== Segment start ==

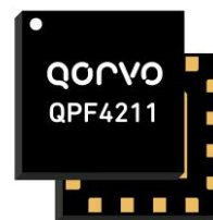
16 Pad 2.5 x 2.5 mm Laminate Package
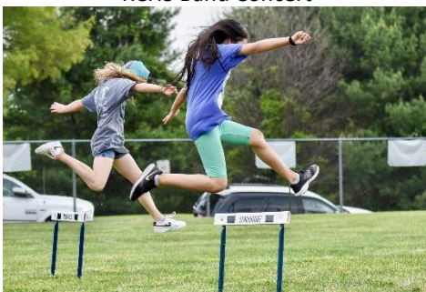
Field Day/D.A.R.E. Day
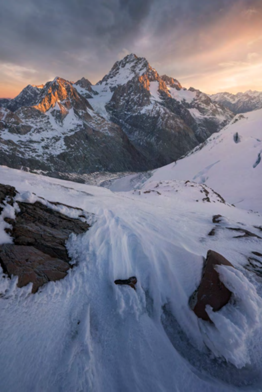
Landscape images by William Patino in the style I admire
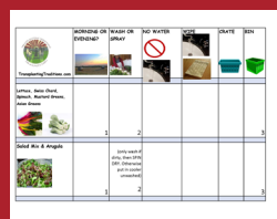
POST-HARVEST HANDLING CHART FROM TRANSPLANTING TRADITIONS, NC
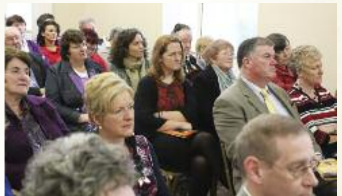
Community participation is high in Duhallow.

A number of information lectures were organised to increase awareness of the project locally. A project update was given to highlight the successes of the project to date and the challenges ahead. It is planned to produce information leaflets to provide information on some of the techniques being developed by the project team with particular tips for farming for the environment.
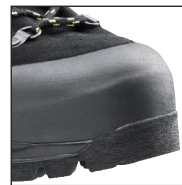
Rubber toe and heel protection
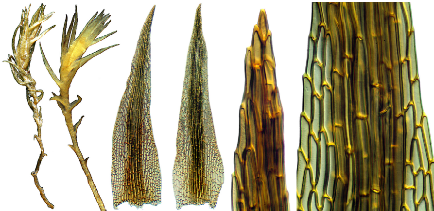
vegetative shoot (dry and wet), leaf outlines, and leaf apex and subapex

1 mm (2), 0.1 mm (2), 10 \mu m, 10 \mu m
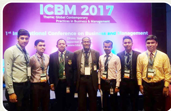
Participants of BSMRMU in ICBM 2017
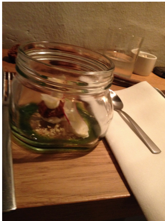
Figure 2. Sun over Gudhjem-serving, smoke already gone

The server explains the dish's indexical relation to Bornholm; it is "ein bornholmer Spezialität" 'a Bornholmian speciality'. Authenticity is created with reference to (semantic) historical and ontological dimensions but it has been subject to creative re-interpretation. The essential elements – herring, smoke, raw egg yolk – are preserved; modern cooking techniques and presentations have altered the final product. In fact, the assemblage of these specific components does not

== Segment end ==

Print only the lines from the opening line of the listing to the line containing "Community participation is high in Duhallow.", inclusive, exactly as they appear and without pictures.

16 Pad 2.5 x 2.5 mm Laminate Package
Field Day/D.A.R.E. Day
Landscape images by William Patino in the style I admire
POST-HARVEST HANDLING CHART FROM TRANSPLANTING TRADITIONS, NC
Community participation is high in Duhallow.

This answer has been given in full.